Three things converged. First, actuator costs dropped by 70% between 2022 and 2024 thanks to the EV motor supply chain. We are using modified brushless DC motors that are manufactured at scale for electric vehicles, and that changes the economics completely. Second, foundation models gave us a path to general-purpose intelligence in a robot body. Before GPT-4 and its successors, you had to hand-code every behavior. Now we can leverage pre-trained models that understand language, spatial reasoning, and common sense. Third, and this is underappreciated, the simulation tools matured. NVIDIA Isaac Sim and MuJoCo let us train robot policies in simulation at a thousand times real-time speed. That was not possible five years ago.

Your Atlas-class humanoid stands at 5 feet 10 inches and weighs about 70 kilograms. Walk us through the key design decisions.

We spent six months just on the leg design. The human leg has an incredible range of motion and energy efficiency that is extremely hard to replicate. We went with a quasi-direct-drive approach for the hip and knee actuators, which gives us high bandwidth — the motors can react to ground changes in under 10 milliseconds. For the ankles, we use a series elastic actuator because compliance at the foot-ground interface is essential for stable walking on uneven terrain.

The hands were the other major challenge. We have 16 degrees of freedom per hand, which is fewer than a human hand but enough for most manipulation tasks. Each finger has force sensors at the tip and in the palm, giving us the tactile feedback we need for delicate grasping.

How do you handle the battery problem? Humanoids are notoriously power-hungry.

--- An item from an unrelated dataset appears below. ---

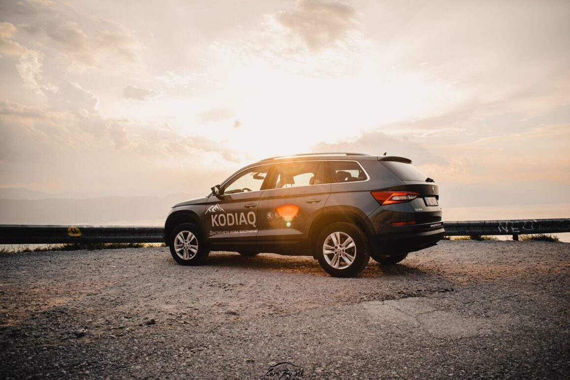 Со оглед на тоа дека се работи за SUV модел, седите доста високо и имате одлична прегледност напред и од страните, за позади дефинитивно ви требаат сензори(стандард во второто ниво и нагоре). Она што мене ми се допадна е дека управувачот е многу лесен, со што возењето во град и маневрирање во тесни места е доста лесно и не осеќате дека возите толку големо возило. Но, лошата страна на тоа е што при возење на автопат воланот е сеуште лесен и може малку да нервира…ова може да го подобрите доколку ја имате опцијата за да изберете различен Driving mode и кога ќе го ставите во Sport, воланот добива екстра тежина, разликата не е преголема, но дефинитивно помага. Исто така, како опција достапно е и Dynamic Chassis Control, а со оваа опција разликата помеѓу Normal и Sport е многу поголема. На помали брзини во град малку се осеќаат дупки и нерамнини, но ‘overall’ возењето е доста комфорно. На отворен пат е комплетно друга приказна, а бидејќи сакав да дознаам каков е Kodiaq на подолги патувања, направив еден трип од Скопје до Охрид и назад. Возењето е многу порелаксирано и покомфорно, изолацијата е на солидно ниво и има само минимална бучава од големите ретровизори, но реално не е нешто што ќе ви пречи. Kodiaq е тип на возило со кое што без никаков проблем ќе може да поминете илјадници километри, а притоа да не бидете изморени од патот. Доколку поминувате многу километри на отворен пат би ви препорачал да го земете опционалниот адаптивен темпомат кој работи заедно со Front Assist системот, тестираниот модел ја имаше оваа опција и работи перфектно. Кога станува збор за динамичност, Kodiaq е сосема океј. Да, нормално дека има понагласено навалување во кривини, но со оглед на габаритот и големината на возилото тоа е сосема очекувано. Не е возило кое го купувате за да уживате во брза и динамична вожња.

We use a 2.5 kWh lithium iron phosphate battery pack in the torso. That gives us about four hours of mixed activity — walking, standing, light manipulation. Heavy tasks like carrying 20-kilogram loads will drain it faster, closer to two and a half hours. The key insight is that humanoid robots do not need to run marathons. In a warehouse or factory, there are charging stations nearby. We designed the robot to autonomously dock and charge in about 45 minutes.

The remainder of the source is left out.